ITS 2.0 is composed of 19 data categories, they are represented different ways:

  • Using markup already defined in the Core or other Modules
  • Using markup defined in the ITS Module's namespace.
  • Using a mix of both existing markup and markup of the ITS module.
  • Some data categories are not represented at all in XLIFF at this time.

The namespace for the ITS module is: urn:oasis:names:tc:xliff:itsm:2.1. and the recommended prefix is itsm.

The fragment identification prefix for the ITS module is: itsm.

The semantics of the attributes are analogical to their counterparts in the W3C ITS namespace in case those counterparts exist. The main semantic difference between its and itsm attributes is that itsm attributes can apply on non-wellformed spans that are delimited by empty boundary markers <sm/>/<em/>.

The elements and attributes defined in the ITS module are equivalent to their counterparts in the W3C ITS namespace when these counterparts exist. They use the same names and values. they also have the same semantics, with the addition that the ITS module attributes can apply on non-wellformed spans delimited by the empty boundary markers <sm/> and <em/>.

5.9.2 Annotators Reference

ITS 2.0 provides a [tools annotation mechanism]. It identifies the processor that generates ITS information.
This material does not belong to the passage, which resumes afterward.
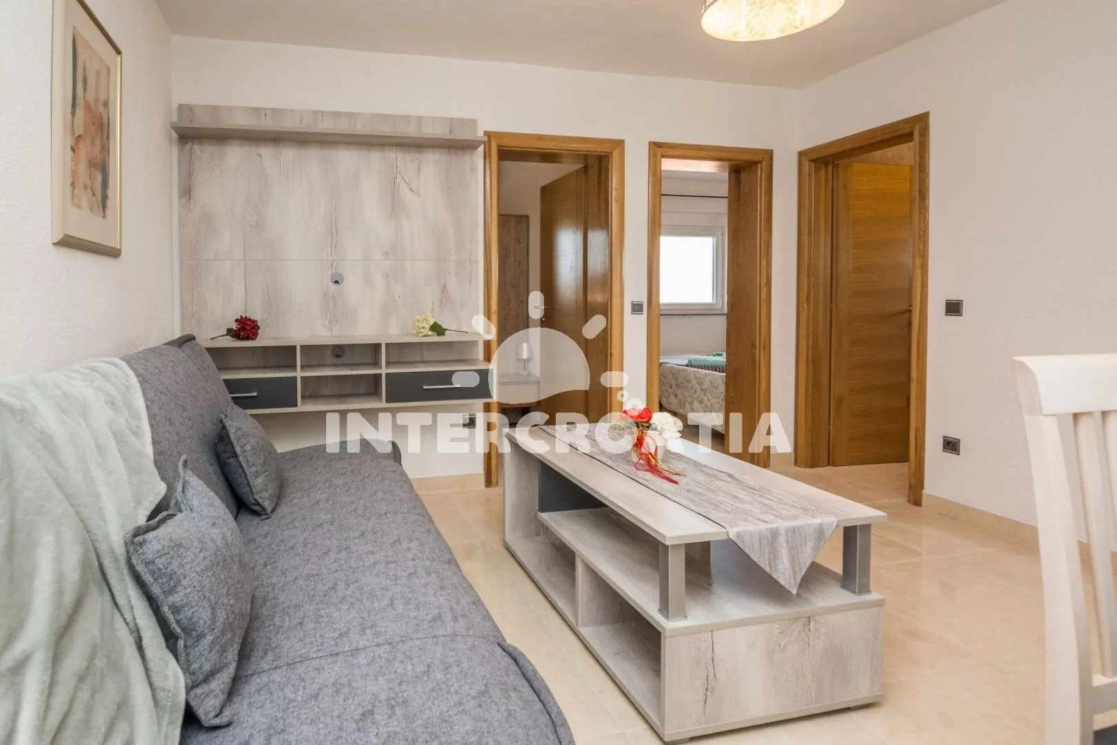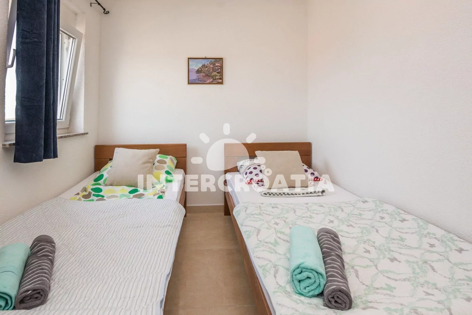 Apartmán (70 m2) s terasou a venkovním posezením se nachází ve 2. patře domu. Apartmán má 2 ložnice a je vhodný pro 4 až 6 osob. Obývací pokoj je spojený s kuchyní. Kuchyňská linka je vybavena sklokeramickou varnou deskou, vestavěnou troubou, rychlovarnou konvicí, mikrovlnnou troubou, toustovačem, kávovarem, nádobím a lednicí s mrazákem. Obývací pokoj s jídelním stolem, pohovkou (rozložitelná na extra lůžko pro 2 osoby), televizí se satelitním programem, klimatizací a vstupem na terasu. První ložnice s jedním dvoulůžkem. Druhá ložnice s dvěma jednolůžky. Koupelna se sprchovým koutem, umyvadlem, fénem a wc. Hostům je k dispozici parkování u objektu zdarma.

This information is mandatory for the [MT Confidence] data category, as well as for [Terminology] and [Text Analysis] if they provide confidence information. It is optional for other data categories.

In XLIFF the tool annotation is represented using the itsm:annotatorsRef attribute. The attribute is allowed on the <xliff>, <file>, <group>, <unit>, <mrk> and <sm/> elements. Its values and semantics are the same as its:annotatorsRef (with the <sm/> addition).

5.9.3 Data Category Representation

5.9.3.1 Translate

The [Translate data category] indicates whether a content is translatable or not.

It is represented with the [translate] attribute of the Core.

5.9.3.2 Localization Note

// Defines how localization note is represented in XLIFF

5.9.3.3 Terminology

The [Terminology data category] is used to denote terms and optionally associates them with information, such as definitions.

It is represented with the ITS Terminology annotation:

Usage:

  • The id attribute is REQUIRED.
  • The type attribute is REQUIRED and set:
    • either to itsm:term-no, which maps to its:term='no'.
    • or to term, which maps to its:term='yes'.
  • The value attribute is OPTIONAL and contains a short definition of the term.
  • The ref attribute is OPTIONAL and contains the same values as its:termInfoRef.
  • The translate attribute is OPTIONAL.
  • The itsm:termConfidence is OPTIONAL and contains the same values as its:termConfidence.
  • The itsm:annotatorsRef is OPTIONAL and contains the same value as its:annotatorsRef.

Constraints:

If the annotation has an itsm:termConfidence attribute, it must be within the scope of an itsm:annotatorsRef with the terminology annotator set.

Example:

<unit id='1' its:annotatorsRef='terminology|http://www.cngl.ie/termchecker'>
<segment>
<source>Text with a <pc id='1'><mrk id='m1' type='term'
itsm:termInfoRef='http://en.wikipedia.org/wiki/Terminology'
itsm:termConfidence='0.9'>term</mrk></pc>.</source>
</segment>
</unit>

5.9.3.N Etc...

// Etc...

5.9.3 Processing XLIFF with ITS processors

// Describes how it the content should be transformed. And provides the rules file.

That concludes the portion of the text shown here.